Acquire knowledge from various media presentation information according to different needs
Knowledge discovery is a process of obtaining knowledge from various information according to different needs.The purpose of knowledge discovery is to shield usersraw dataIt can extract effective, novel and potentially useful knowledge from the original data and report directly to users.[1]
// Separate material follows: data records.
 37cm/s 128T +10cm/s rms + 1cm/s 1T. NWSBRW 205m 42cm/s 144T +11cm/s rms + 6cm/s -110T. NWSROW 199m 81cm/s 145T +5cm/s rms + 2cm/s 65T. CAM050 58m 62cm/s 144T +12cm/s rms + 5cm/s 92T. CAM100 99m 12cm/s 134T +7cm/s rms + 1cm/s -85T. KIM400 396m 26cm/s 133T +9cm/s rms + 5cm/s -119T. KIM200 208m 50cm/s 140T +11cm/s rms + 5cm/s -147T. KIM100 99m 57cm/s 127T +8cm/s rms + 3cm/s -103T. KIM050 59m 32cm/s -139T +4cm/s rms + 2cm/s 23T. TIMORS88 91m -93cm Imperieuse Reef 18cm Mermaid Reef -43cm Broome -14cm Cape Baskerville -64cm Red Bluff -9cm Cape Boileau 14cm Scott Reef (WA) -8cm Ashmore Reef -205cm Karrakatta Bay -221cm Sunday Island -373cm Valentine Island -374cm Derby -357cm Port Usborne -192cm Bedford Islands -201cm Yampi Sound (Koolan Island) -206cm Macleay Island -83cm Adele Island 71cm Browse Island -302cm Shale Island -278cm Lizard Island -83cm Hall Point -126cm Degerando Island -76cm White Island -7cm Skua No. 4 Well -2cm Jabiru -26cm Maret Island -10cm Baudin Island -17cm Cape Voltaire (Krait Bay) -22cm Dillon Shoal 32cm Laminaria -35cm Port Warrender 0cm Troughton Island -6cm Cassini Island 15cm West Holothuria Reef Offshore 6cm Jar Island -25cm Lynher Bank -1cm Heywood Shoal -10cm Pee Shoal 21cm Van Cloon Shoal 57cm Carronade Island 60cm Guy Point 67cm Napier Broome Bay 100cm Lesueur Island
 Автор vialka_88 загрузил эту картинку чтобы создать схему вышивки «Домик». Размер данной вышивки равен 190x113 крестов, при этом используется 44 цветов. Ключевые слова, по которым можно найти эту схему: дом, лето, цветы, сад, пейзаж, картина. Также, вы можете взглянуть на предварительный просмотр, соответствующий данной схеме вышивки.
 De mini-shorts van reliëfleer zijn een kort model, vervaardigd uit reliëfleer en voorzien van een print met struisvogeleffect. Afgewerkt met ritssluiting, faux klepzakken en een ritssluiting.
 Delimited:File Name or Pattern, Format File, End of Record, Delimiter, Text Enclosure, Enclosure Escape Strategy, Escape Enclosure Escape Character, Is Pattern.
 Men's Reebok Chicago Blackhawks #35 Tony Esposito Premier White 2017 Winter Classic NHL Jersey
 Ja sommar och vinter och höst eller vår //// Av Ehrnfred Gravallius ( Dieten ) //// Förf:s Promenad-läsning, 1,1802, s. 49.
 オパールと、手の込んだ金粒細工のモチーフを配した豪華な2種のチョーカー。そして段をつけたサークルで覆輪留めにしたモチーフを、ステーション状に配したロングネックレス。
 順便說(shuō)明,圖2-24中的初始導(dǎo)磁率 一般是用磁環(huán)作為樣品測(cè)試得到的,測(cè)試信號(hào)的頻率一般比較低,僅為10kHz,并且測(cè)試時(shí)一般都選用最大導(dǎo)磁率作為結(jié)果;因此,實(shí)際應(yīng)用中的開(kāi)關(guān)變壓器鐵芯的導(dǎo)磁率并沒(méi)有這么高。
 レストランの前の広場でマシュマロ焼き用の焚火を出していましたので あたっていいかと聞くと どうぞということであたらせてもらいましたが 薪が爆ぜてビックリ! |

Knowledge Discovery in Database (KDD) is the so-called“data mining In a broader sense, knowledge is obtained from information expressed by various media according to different needs. The purpose of knowledge discovery is to shield usersraw dataIt can extract meaningful and concise knowledge from the original data and report directly to users.Database based knowledge discovery (KDD) anddata mining There is also confusion. Usually, these two terms are used interchangeably.KDD means lower leveldata conversionThe whole process of high-level knowledge.KDD can be simply defined as: KDD is a specific process to determine valid, novel, potentially useful, and basically understandable patterns in data.Data mining can be regarded as the extraction of patterns or models from observation data, which is a general interpretation of data mining.Although data mining is the core of the knowledge discovery process, it usually only accounts for a part of KDD (about 15% to 25%).Therefore, data mining is only one step of the whole KDD process. There is no exact definition of how many steps and which steps must be included in the KDD process.However, the generic process should accept the originaldata input, select importantdata item, reduce, preprocess and concentrate the data set, convert the data into an appropriate format, find patterns from the data, evaluate and interpret the findings.
basic task
Announce
edit
data classification
Classification isdata mining One of the important branches of research is an effective data analysis method.The goal of classification is to construct a classification model (i.eclassifier ), this model can translatedata recordMap to a given category so that it can be used for data prediction immediately.
Data clustering
Use theclusteringFunction sets a group of individuals according toSimilarityIt can be classified into several classes, so that classes can be found automatically.Clustering and classificationSimilarly, data is grouped.But different from classification, groups in clustering are not predefined, but defined according to the characteristics of actual data and the similarity between data.
Decline and forecast
This is a special type of classification, which can be seen as predicting the future data state based on past and current data.Attenuation by pairingStatistical techniquesmodelingTo predict the numerical value of, learn a (linear orNonlinear)The feature willdata itemMap to a numeric predictor variable.
Correlation and Relevance
It refers to finding interesting associations orCorrelation。Association rulesIt refers to analyzing the data in the databasedata objectTo infer the information of another data object and find out the knowledge pattern with high recurrence probability, a parameter with confidence factor is often used to describe this uncertain relationship.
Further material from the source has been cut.